Pergunta

My scenario is as follows.

I am designing a system designed to receive data from various types of sensors, and convert and then persist it to be used by various front-end and analytics services later.

I'm trying to design every service to be as independent as possible, but I'm having some trouble. The team has decided on a DTO we would like to use. The outward-facing services (sensor data recipients) will receive the data in their own unique way, then convert it to a JSON object (the DTO) and send it off to the Message Broker. Consumers of the messages will then know exactly how to read the sensor data messages.

The problem is that I'm using the same DTO in a few different services. An update has to be implemented in multiple locations. Obviously, we've designed it in such a way that a few extra or missing fields in the DTO here and there are not much of an issue until the services have been updated, but it's still bugging me and makes me feel like I'm making a mistake. It could easily turn into a headache.

Am I going about architecting the system wrong? If not, what are some ways around this, or at least to ease my worries?

Foi útil?

Solução

My advice? Do not share these DTOs among the applications in any kind of library. Or at least don't do this right now.

I know, seems very counter-intuitive. You are duplicating code, right? But this is not a business rule, so you can be more flexible.

The service that sends the DTO needs to be rigid in his message contract, like an Rest API. The service can't change the DTO in a way that could break the other services that are already consuming the information from the DTO.

When a new field is added do DTO, you only update the other services that consume this DTO if they need the new field. Otherwise, forget it.
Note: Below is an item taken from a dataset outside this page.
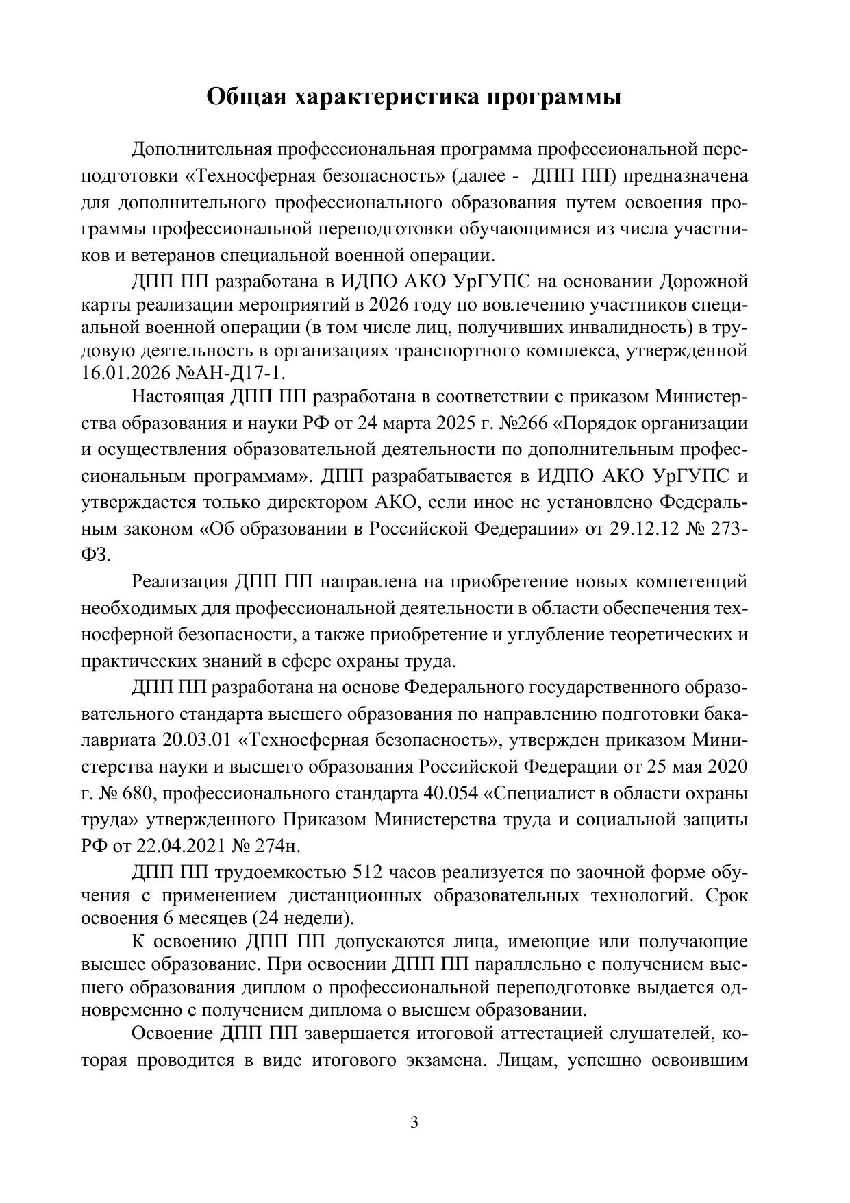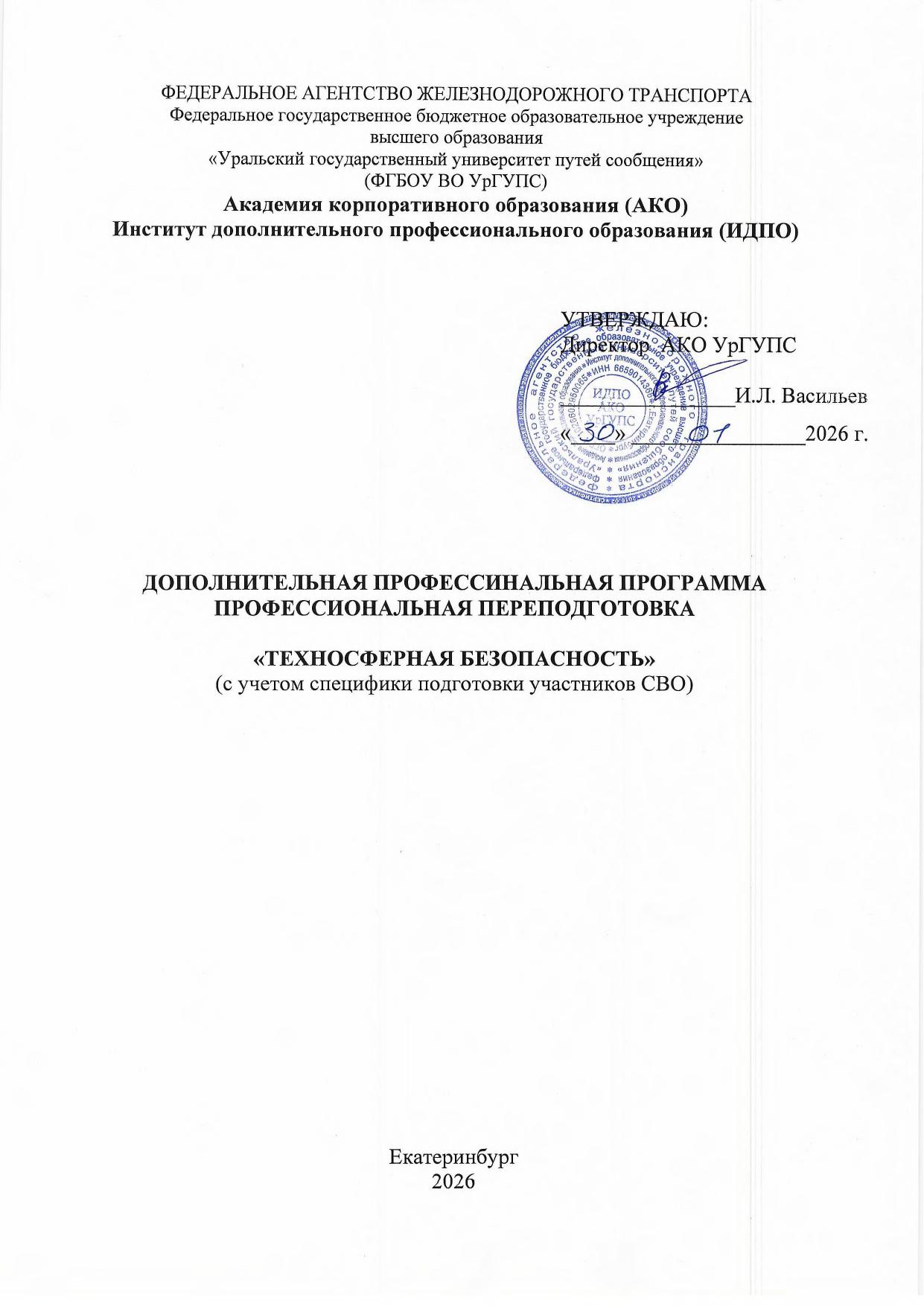Техносферная безопасность : программа профессиональной переподготовки / . — Екатеринбург : УрГУПС, 2026. — 21 с. — Текст : электронный // УМЦ ЖДТ : электронная библиотека. — URL: https://umczdt.ru/books/1306/299881/ (дата обращения 15.04.2026). — Режим доступа: по подписке.
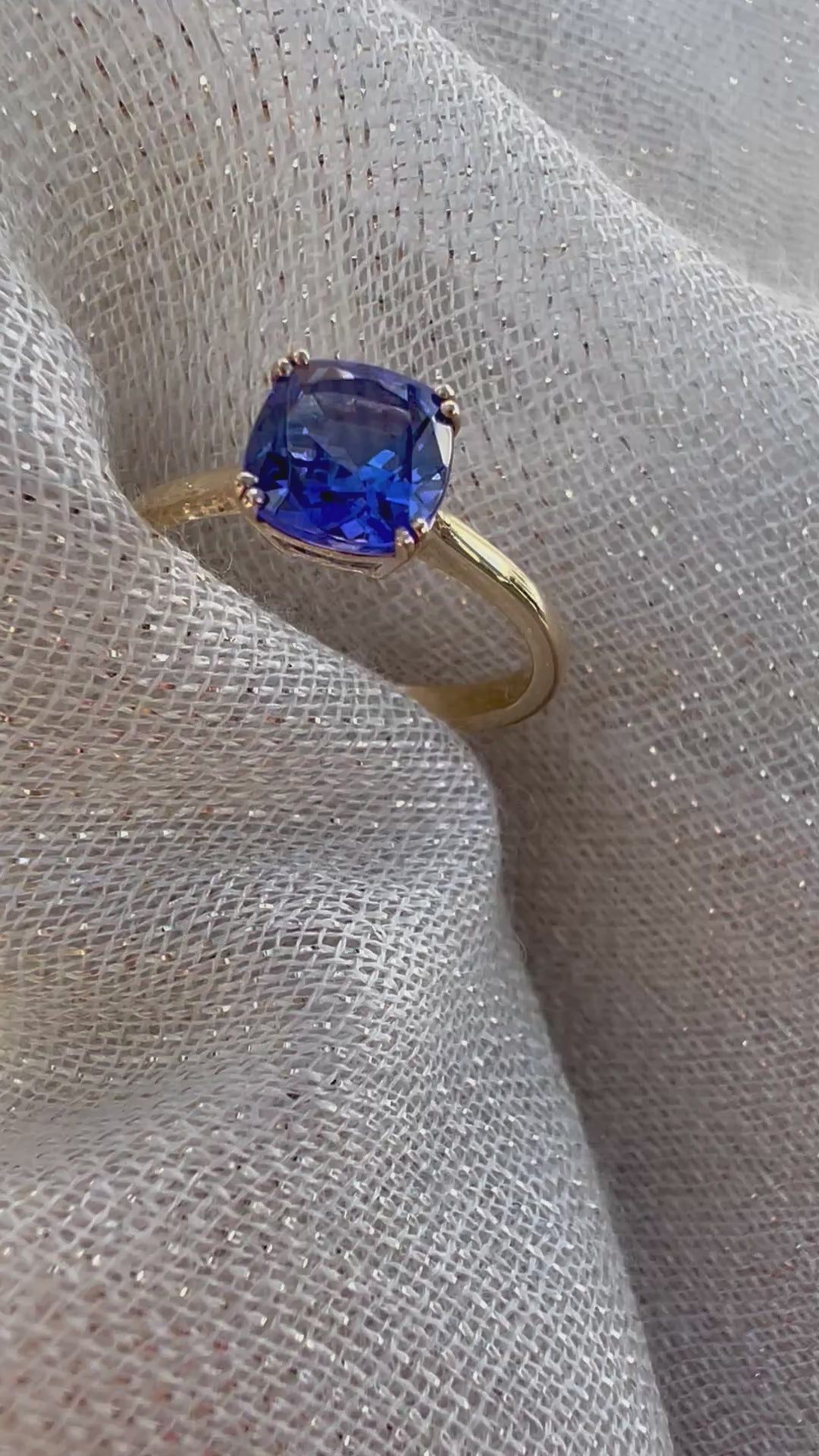 1,42ct cushion cut Tanzanite ring set in 18ct yellow gold.

Using JSON as content-type you have the flexibility to create and send new attributes without breaks the code of the services that don't map these new fields on his actual versions of DTO.

But if this situation is really bothering you, you can follow the Rule of Three:

There are two "Rules of Three" in reuse: (a) It is three times as difficult to build reusable components as single use components, and (b) a reusable component should be tried out in three different applications before it will be sufficiently general to accept into a reuse library.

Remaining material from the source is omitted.